It’s only necessary for a blogger to discuss the topic of dating at least once, right? Well, after my ONE dating experience in Los Angeles, I assure you that this will be the ONLY dating post for a long time.
I would just like to start off by saying, my friends are great. They always have my best interests at heart, including men… Unless they were just so sick of me ranting about my non-existent love life, that they decided to take matters into their own hands and create an online dating account for me. Yeah, that was probably the case.
So after they created my account and added my best head shots (duck-face selfies) to my profile as I sat across the room in utter disbelief, we spent a decent amount of time “shopping” for men. Thank God we all have similar taste in guys, because every so often, we would unanimously yell in excitement, “Oh my gosh, he’s cute!”
After a couple weeks of aggressively clicking the “No, I don’t want to meet you” button, I was just about to give up on finding my dream guy… until… McHunky popped on my screen out of nowhere.
Athletic Build (uh, you think?!)
Let’s just say, the amount of time it took me to click the “YES, I WANT TO MEET YOU” button was record-breaking.
After waiting anxiously for McHunky to chat me, I got a friendly notification that read “1 New Message” at the top of my screen. I may have done a little happy dance around my kitchen… Ok, my entire house.
Before I even chatted him back, I thought to myself, “OK, there’s gotta be something wrong with him… he’s an online dating subscriber, for Christ’s sake.” Oh, wait… so are you, Alex.
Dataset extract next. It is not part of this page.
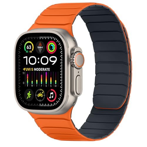 Tasikar Magnétique Bracelets Compatible avec Apple Watch 42mm(Series 11/Series 10) 41mm 40mm 38mm Silicone Bracelet à Boucle pour iWatch SE Series 11 10 9 8 7 6 5 4 3, Orange - Midnight
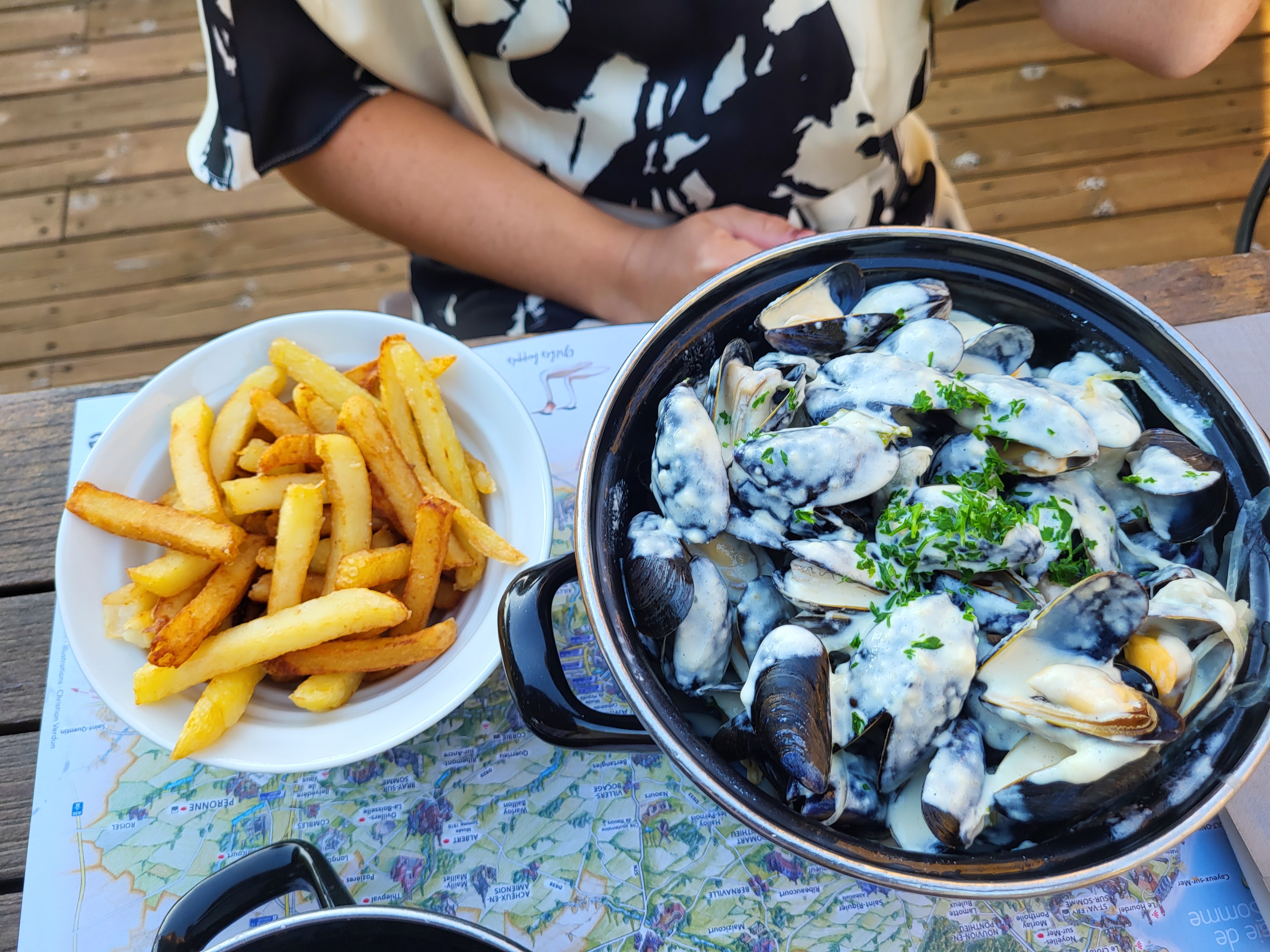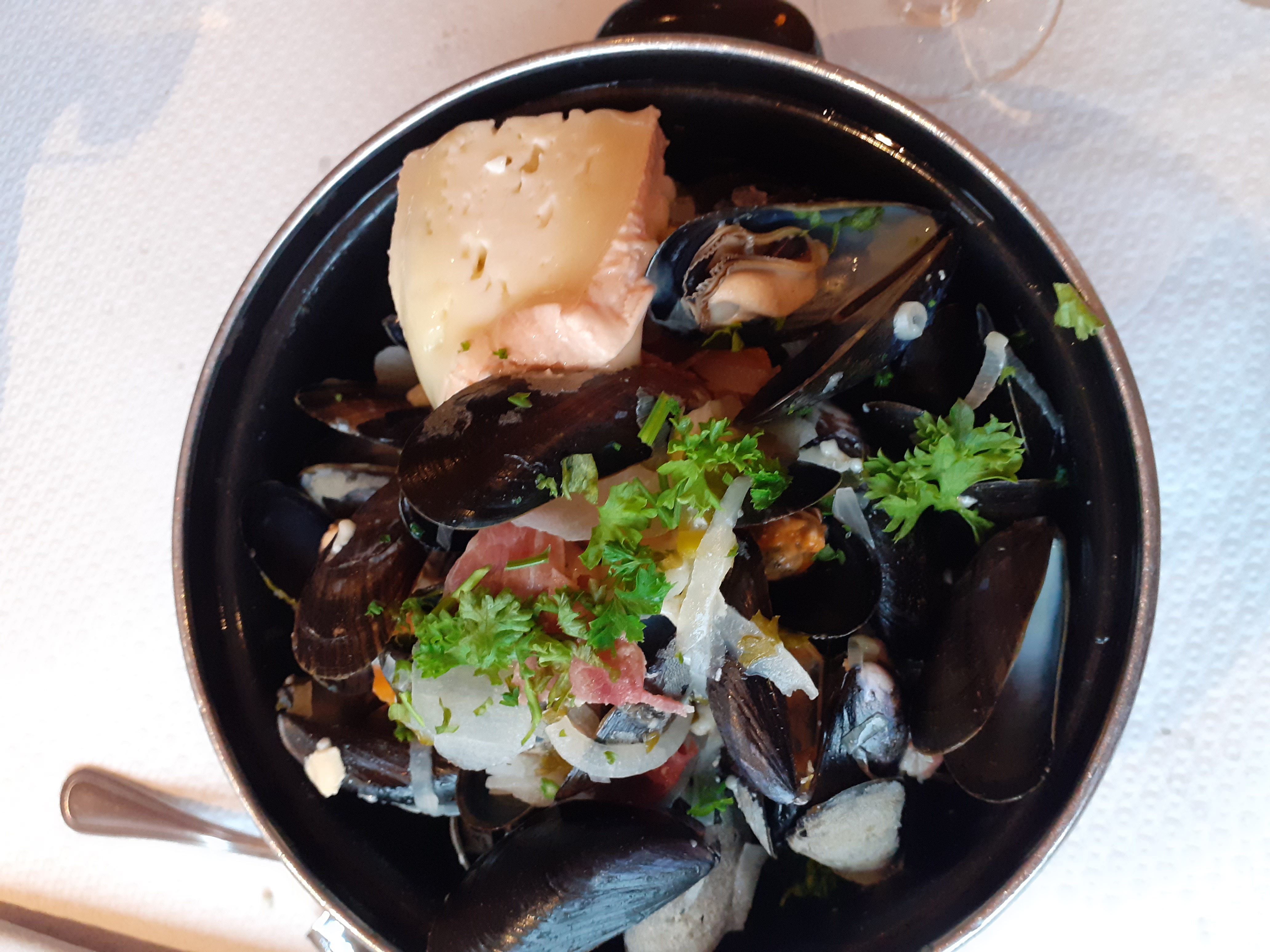 Bon rapport qualité/prix. 5 personnes. Moules du pays donc très fraîches, bonnes frites, desserts très bon ,.... Rien à dire de plus

So are you.
So I decided to reply. We got to talking… a lot. This guy was flawless. Seriously, what the heck is wrong with him? I had to get to the bottom of it.
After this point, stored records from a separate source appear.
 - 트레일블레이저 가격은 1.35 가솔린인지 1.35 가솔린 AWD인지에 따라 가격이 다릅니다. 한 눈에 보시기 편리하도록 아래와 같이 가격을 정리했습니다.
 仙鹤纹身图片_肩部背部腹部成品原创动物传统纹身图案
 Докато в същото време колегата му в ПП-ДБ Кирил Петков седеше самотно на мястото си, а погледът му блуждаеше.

When it came time to meet him in person, I forced my best friend to be there with me, just in case he was some 54-year-old chubby, bald escaped prisoner. OK that might be a little over-the-top, but you never know.
My first thought when I first met him: “Nice work, Cupid!”
We went out with my friends, had a great time, all that jazz. I decided he was safe and that I can pursue him a little bit more.
After we had been talking and hanging out for a little while, he informed me he had a modeling gig in LA coming up and that he wanted to take me to dinner after (which was fine with me, hoping he would come over with leftover oil still streaming down his beautiful abs). It was a win-win. Dinner AND a nice view? Again, SOLD.
We were at dinner, having a great conversation, when all of a sudden the topic of babies/kids came up. Before you get all weirded out, the topic was NOT about McHunky and I having kids (although they would probably have turned out beautiful). Just then, the six words that NO girl wants to ever hear came out of his mouth: “I should probably tell you something.”
My initial thought: ABORT! ABORT! GET OUT NOW! MAN WITH CHILD.
I decided to not be too quick to judge and hesitantly asked, “What is it…?”
“I kind of have a child.” Shit. Called it. But wait, he kind of has a child? Are some limbs missing or something? He then proceeded to tell me that he is, in fact, a sperm donor. Ha. Ha. Ha. You know those nervous laughs you didn’t even know you had, and that you just can’t control, when something so awkward occurs? Yeah, about ten minutes later, I was finally able to control myself. Apparently the woman who selected his sperm is pregnant. So, yes, he kind of has a child.
After thinking this was probably the last time I would see McHunky, we got back to my house to get settled in. As he unpacked his bag from his modeling gig, I think I hallucinated for a quick sec. Laying on my bed was a pair of brand-spankin’ new “tidy-whitey” underwear AND a few compacts of MAC makeup. “Cupid, am I being Punk’d?”
One part of me was quickly thinking of a way to fake an illness. The other part of me was thinking, “Is that my shade of makeup?” Snap out of it, Alex. There is nothing “normal” about a “straight” man who owns better makeup products than a woman.
After this ridiculous night, it’s safe to say, I haven’t spoken to the male-model-tidy-white-wearing-sperm-donor again. Oh, AND I also deleted my online dating account. For now, I am going to cherish my solitude and keep entertaining with my wild experiences. My Mr. Right will come out of nowhere… and he won’t share his sperm with the rest of the world. Too far? Sorry, mom and dad.
Good one, Cupid. Good one.
Lesson of the day: Don’t trust anyone who takes half-naked bathroom selfies with a dirty mirror.